## Requirement
Print every entry word for word, but omit the pictures.

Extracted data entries
***
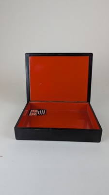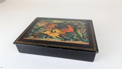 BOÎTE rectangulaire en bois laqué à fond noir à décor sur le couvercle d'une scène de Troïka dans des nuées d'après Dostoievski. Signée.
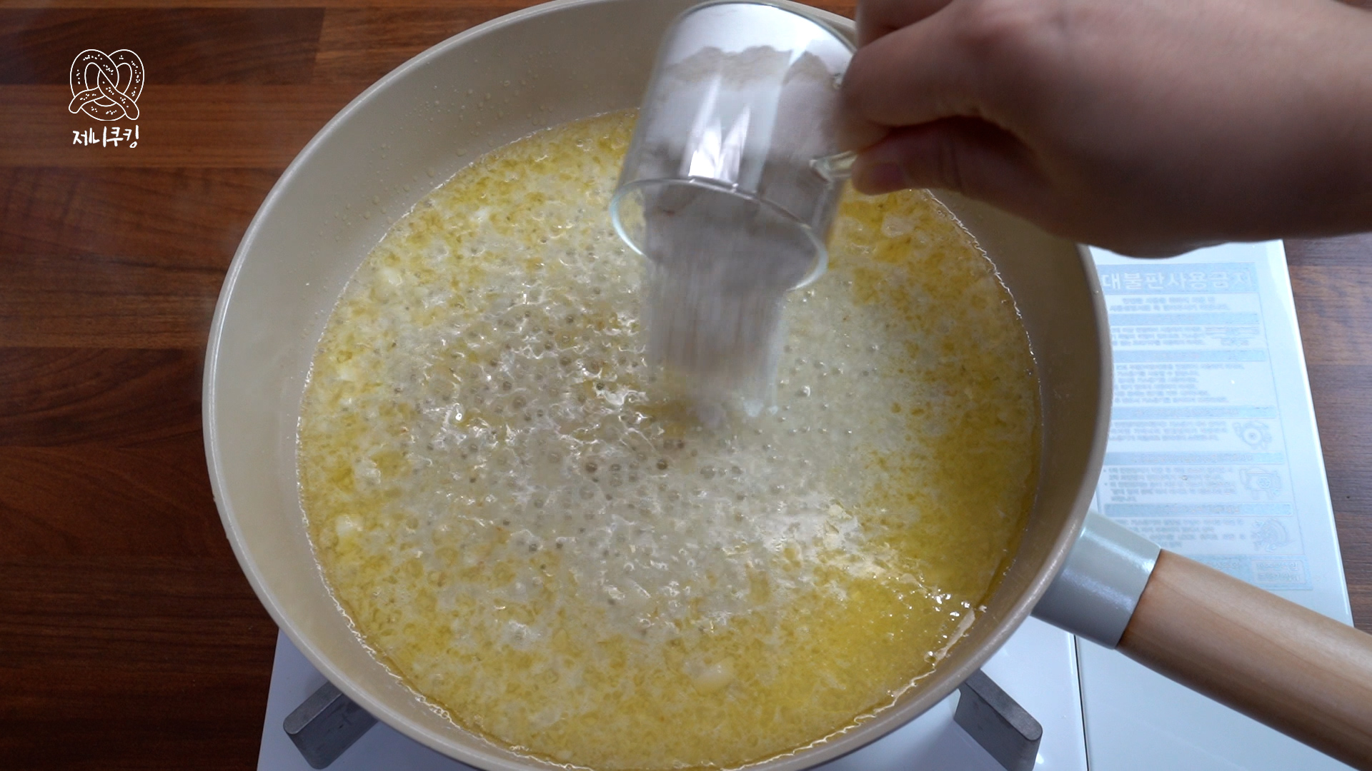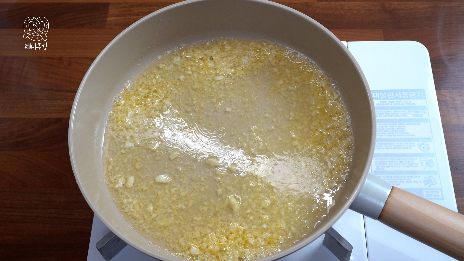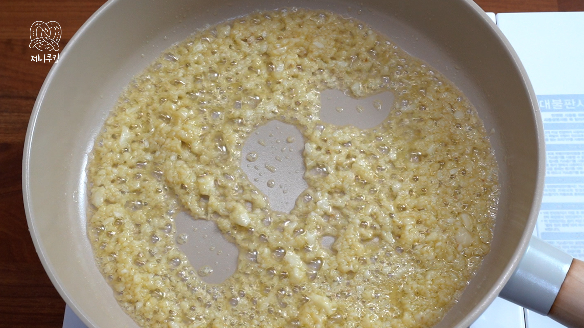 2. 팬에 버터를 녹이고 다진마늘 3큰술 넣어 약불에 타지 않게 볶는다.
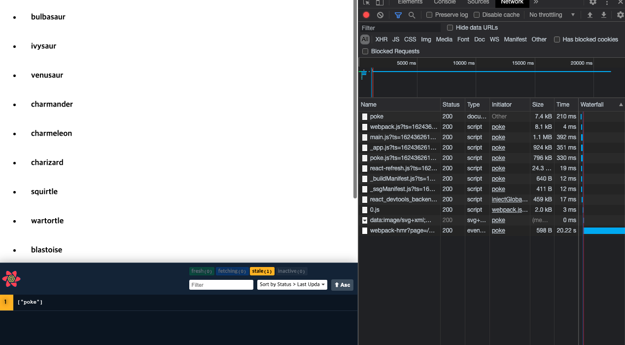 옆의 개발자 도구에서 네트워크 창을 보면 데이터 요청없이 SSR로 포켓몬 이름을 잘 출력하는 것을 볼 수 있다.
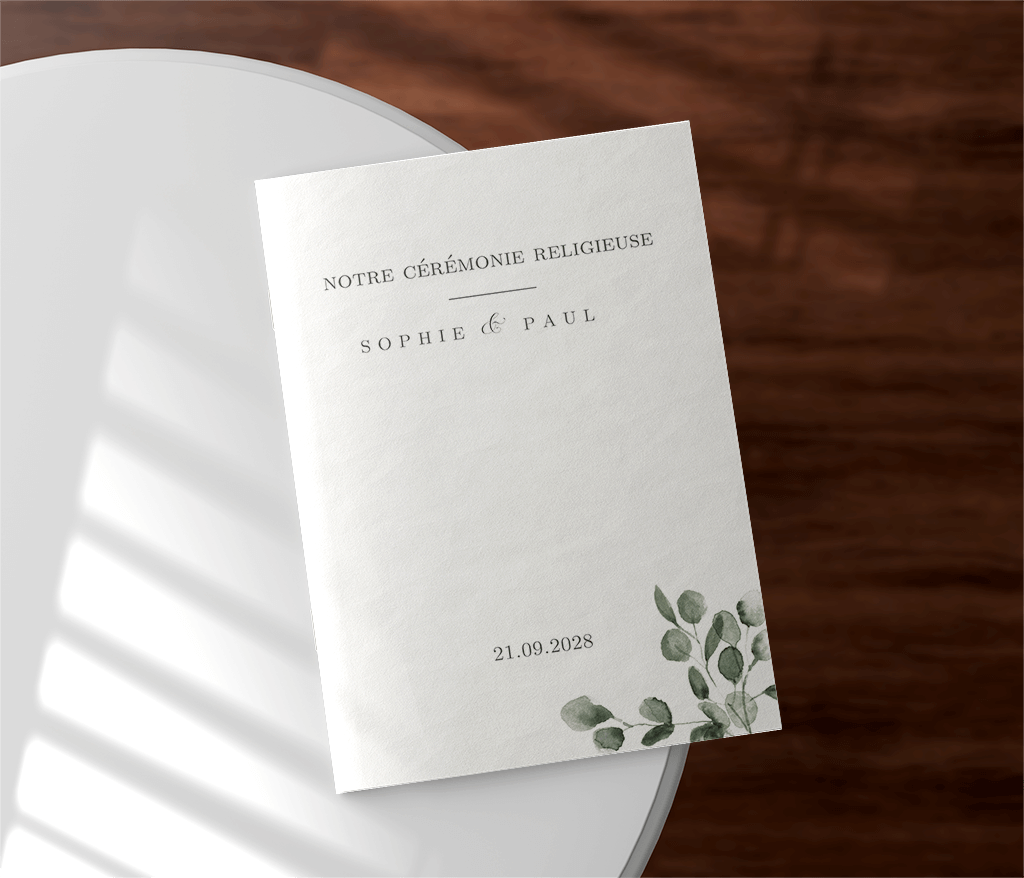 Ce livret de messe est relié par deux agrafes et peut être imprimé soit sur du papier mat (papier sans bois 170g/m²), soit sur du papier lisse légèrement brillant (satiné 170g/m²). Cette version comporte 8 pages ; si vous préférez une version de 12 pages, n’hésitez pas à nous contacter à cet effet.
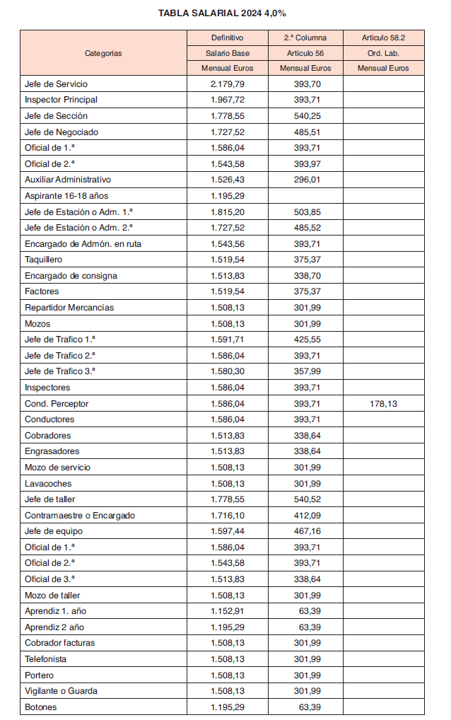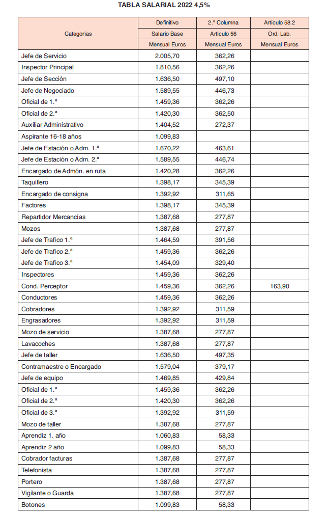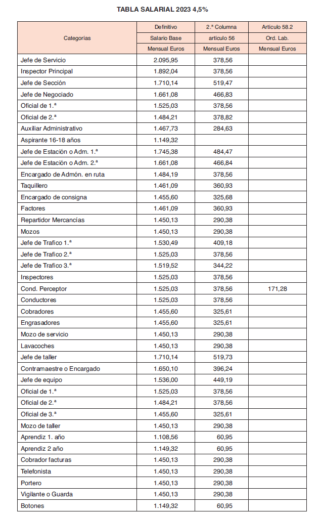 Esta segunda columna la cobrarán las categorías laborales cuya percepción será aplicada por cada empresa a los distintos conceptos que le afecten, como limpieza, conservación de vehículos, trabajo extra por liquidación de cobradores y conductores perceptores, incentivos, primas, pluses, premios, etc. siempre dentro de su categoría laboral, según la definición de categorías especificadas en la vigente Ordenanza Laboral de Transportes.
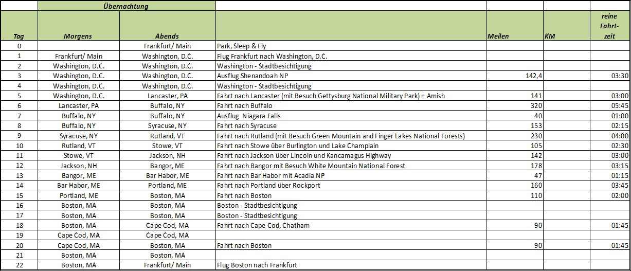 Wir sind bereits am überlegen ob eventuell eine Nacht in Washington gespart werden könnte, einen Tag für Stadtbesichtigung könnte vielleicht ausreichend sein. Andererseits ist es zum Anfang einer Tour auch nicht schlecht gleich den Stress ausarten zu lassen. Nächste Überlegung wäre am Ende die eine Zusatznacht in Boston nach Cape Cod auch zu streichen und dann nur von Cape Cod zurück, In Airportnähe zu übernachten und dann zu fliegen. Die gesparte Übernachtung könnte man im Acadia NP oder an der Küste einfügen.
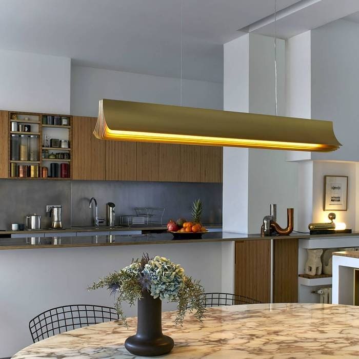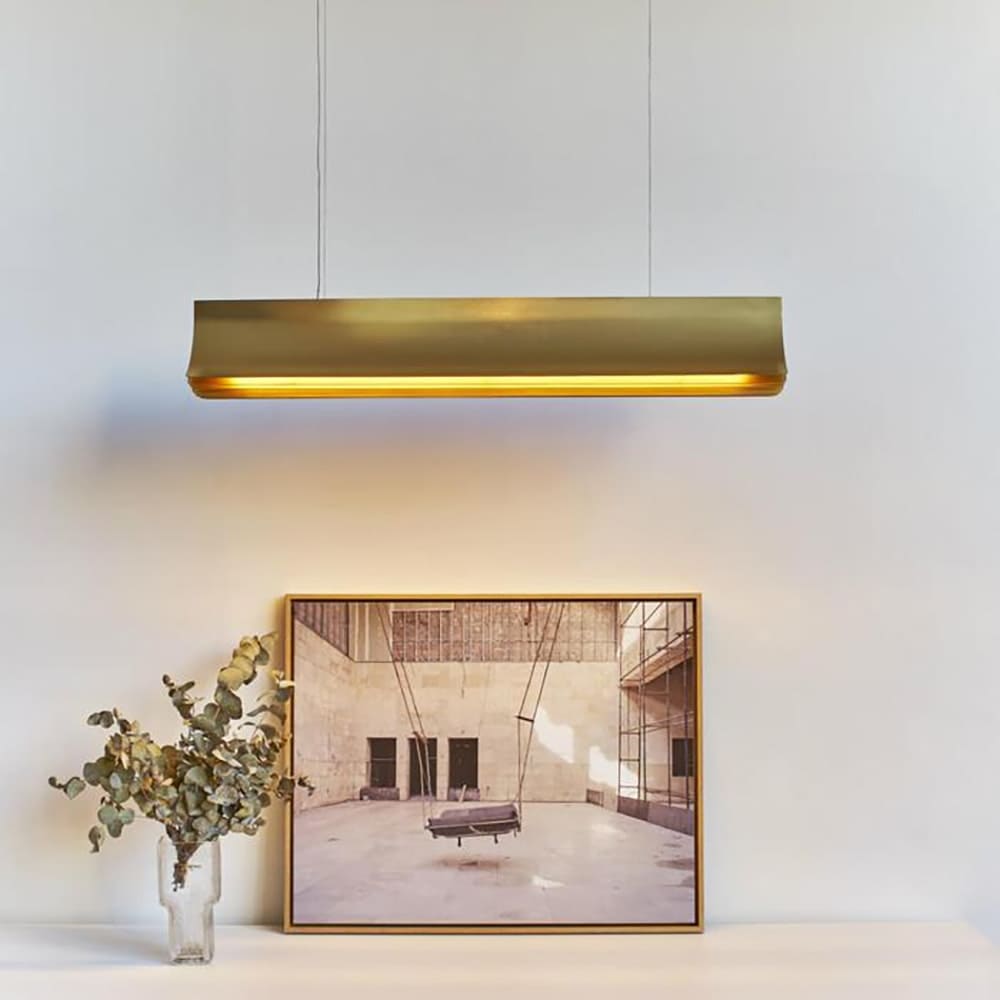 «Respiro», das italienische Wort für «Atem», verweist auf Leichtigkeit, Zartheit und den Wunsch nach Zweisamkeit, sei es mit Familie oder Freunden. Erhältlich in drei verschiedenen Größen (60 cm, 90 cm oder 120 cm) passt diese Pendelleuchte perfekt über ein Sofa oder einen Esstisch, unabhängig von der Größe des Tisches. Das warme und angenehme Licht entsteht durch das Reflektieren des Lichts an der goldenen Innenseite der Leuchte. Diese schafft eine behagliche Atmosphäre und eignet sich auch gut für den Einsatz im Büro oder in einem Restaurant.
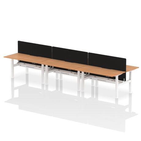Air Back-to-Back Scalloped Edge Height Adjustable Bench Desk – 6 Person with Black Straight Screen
***
## Task output
 BOÎTE rectangulaire en bois laqué à fond noir à décor sur le couvercle d'une scène de Troïka dans des nuées d'après Dostoievski. Signée.
 2. 팬에 버터를 녹이고 다진마늘 3큰술 넣어 약불에 타지 않게 볶는다.
 옆의 개발자 도구에서 네트워크 창을 보면 데이터 요청없이 SSR로 포켓몬 이름을 잘 출력하는 것을 볼 수 있다.
 Ce livret de messe est relié par deux agrafes et peut être imprimé soit sur du papier mat (papier sans bois 170g/m²), soit sur du papier lisse légèrement brillant (satiné 170g/m²). Cette version comporte 8 pages ; si vous préférez une version de 12 pages, n’hésitez pas à nous contacter à cet effet.
 Esta segunda columna la cobrarán las categorías laborales cuya percepción será aplicada por cada empresa a los distintos conceptos que le afecten, como limpieza, conservación de vehículos, trabajo extra por liquidación de cobradores y conductores perceptores, incentivos, primas, pluses, premios, etc. siempre dentro de su categoría laboral, según la definición de categorías especificadas en la vigente Ordenanza Laboral de Transportes.
 Wir sind bereits am überlegen ob eventuell eine Nacht in Washington gespart werden könnte, einen Tag für Stadtbesichtigung könnte vielleicht ausreichend sein. Andererseits ist es zum Anfang einer Tour auch nicht schlecht gleich den Stress ausarten zu lassen. Nächste Überlegung wäre am Ende die eine Zusatznacht in Boston nach Cape Cod auch zu streichen und dann nur von Cape Cod zurück, In Airportnähe zu übernachten und dann zu fliegen. Die gesparte Übernachtung könnte man im Acadia NP oder an der Küste einfügen.
 «Respiro», das italienische Wort für «Atem», verweist auf Leichtigkeit, Zartheit und den Wunsch nach Zweisamkeit, sei es mit Familie oder Freunden. Erhältlich in drei verschiedenen Größen (60 cm, 90 cm oder 120 cm) passt diese Pendelleuchte perfekt über ein Sofa oder einen Esstisch, unabhängig von der Größe des Tisches. Das warme und angenehme Licht entsteht durch das Reflektieren des Lichts an der goldenen Innenseite der Leuchte. Diese schafft eine behagliche Atmosphäre und eignet sich auch gut für den Einsatz im Büro oder in einem Restaurant.
Air Back-to-Back Scalloped Edge Height Adjustable Bench Desk – 6 Person with Black Straight Screen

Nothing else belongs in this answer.